Then I tried the test from the public folder, through public/index.php
<?php
require_once('../includes/initialize.php');
if (!$session->is_logged_in()) { redirect_to("login.php"); }
?>
<?php include_layout_template('admin_header.php'); ?>
<?php
$user = new User();
$user->user_name = "jDoe";
$user->password = "pass";
$user->first_name = "Jamie";
$user->last_name = "Doe";
$user->full_name();
$user->create();
?>
<?php include_layout_template('admin_footer.php'); ?>
But this doesn't even load the admin header layout... and just gives me the same error as the other test file did. I am pretty positive that I am navigating to the correct path based on the directory set up.

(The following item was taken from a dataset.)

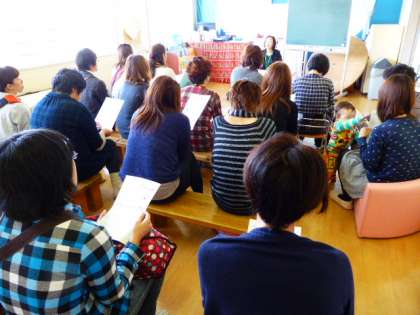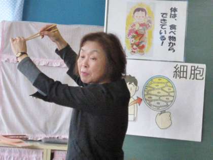 小学校の栄養士の先生に来ていただき、給食の必要性や食習慣の大切さ、正しいお箸の持ち方の教え方など、わかりやすく教えていただきました。
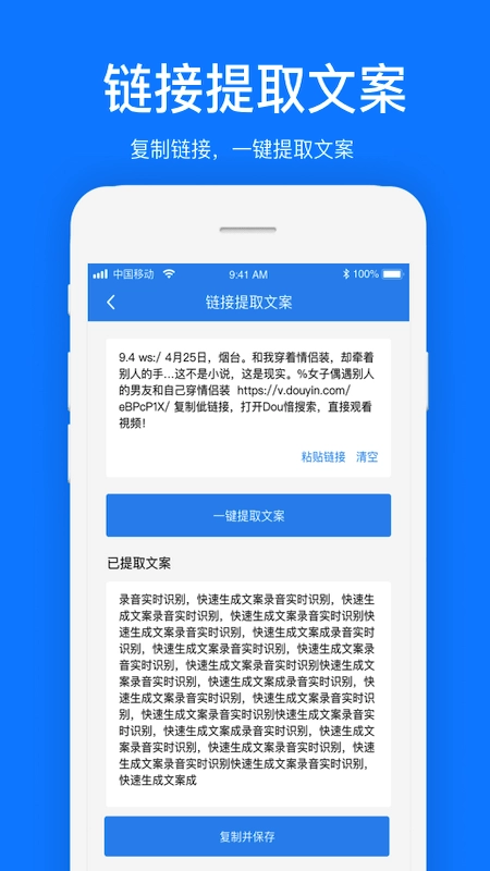 操作便捷性高:界面设计简洁直观,操作步骤简单易懂。用户仅需复制链接或上传文件,就能一键提取所需文案,无需进行复杂的设置操作。

For the life of me I cannot understand why/how the user object isn't being updated when I add things to the user class inside user.php. Or how I could use other methods I had previously defined in user, but they don't change when I modify them... Does php do any caching of objects that I am unaware of? I even pulled the user.php out of the includes directory... and everything still runs as explained above...
Any insight would be greatly appreciated. I have been searching around for a while now trying to find someone with a similar issue but I can't find one. Thanks for reading.
It seems in your initialize.php you have an additional directory in the SITE_ROOT definition compared to what you show in your directory structure. Do you still have another copy of this code perhaps in photo_gallery directory that this is actually including files from?